Impurrfect. Even six months seems like a long time. It's not that I don't think I could do six months, cause I totally think I "could". But it's that I don't know that I want to. Drinking has become part of my lifestyle. I drink to celebrate, to relax, after I've had a hard day. I drink with friends.

On my last post, I said that I would quit this coming monday. I knew I had plans for tonight, and I'm going out of town tomorrow to celebrate something. And I have no plans on getting blasted. I do know that I drink to feel it, but I'm not a binge drinker, and I don't have to get drunk every time I drink. I guess I don't really know how to celebrate something without having a drink. It's like the "special" thing to do.

Dee, you bring up a good point. And you are right, it wasn't the first time that I have drove when I probably shouldn't have.

I guess my thinking, and when I've tried to talk to some friends who drink, everyone says "it's normal". I get flirty when I drink, and although it has never landed me in a dangerous position because I am still aware of where I am, and where my friends are in relation to me, I still do flirt a lot, and make out with random guys.
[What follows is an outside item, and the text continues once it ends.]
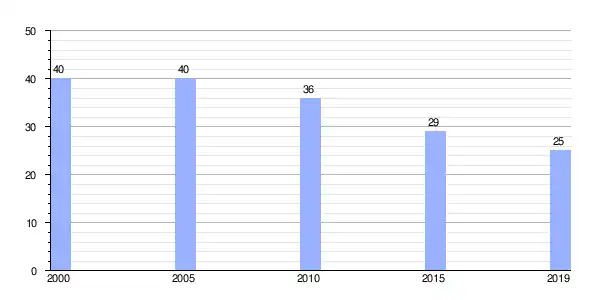 | Gráfica de evolución demográfica de Ferreiros (parroquia) entre 2000 y 2019 |
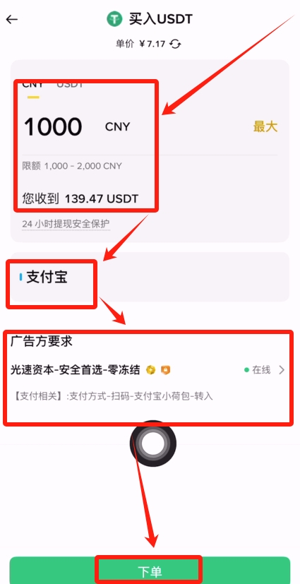 第五步:确认订单金额与到账数量,通过支付宝完成转账后需上传付款凭证,等待商家放币。

And I do a lot of text flirting. But doesn't everyone do that when they drink? And yes, I get a little loud. Not in a mean way, usually just flirting, or thinking I'm being funny. For example, I was drinking at a college bar last year, and reinacted the "when harry met sally" restaurant scene. Normally, I'm pretty reserved and very self conscious, so it's nice to let some of that go.

It's kind of silly that I am posting on a forum of people with self identified alcohol problems....and I'm expecting you all to tell me I don't have a problem. My original intention of coming here was to try and prove that I don't have an alcohol problem.
Maybe I should make a list as to why I "might" have a problem, and why I don't have a problem. In my mind though, I can justify a lot of the things that would be on the "might" list. And I know that is called denial, and I know I sound like every alcoholic in the world when I say, but in my case, it's really true!!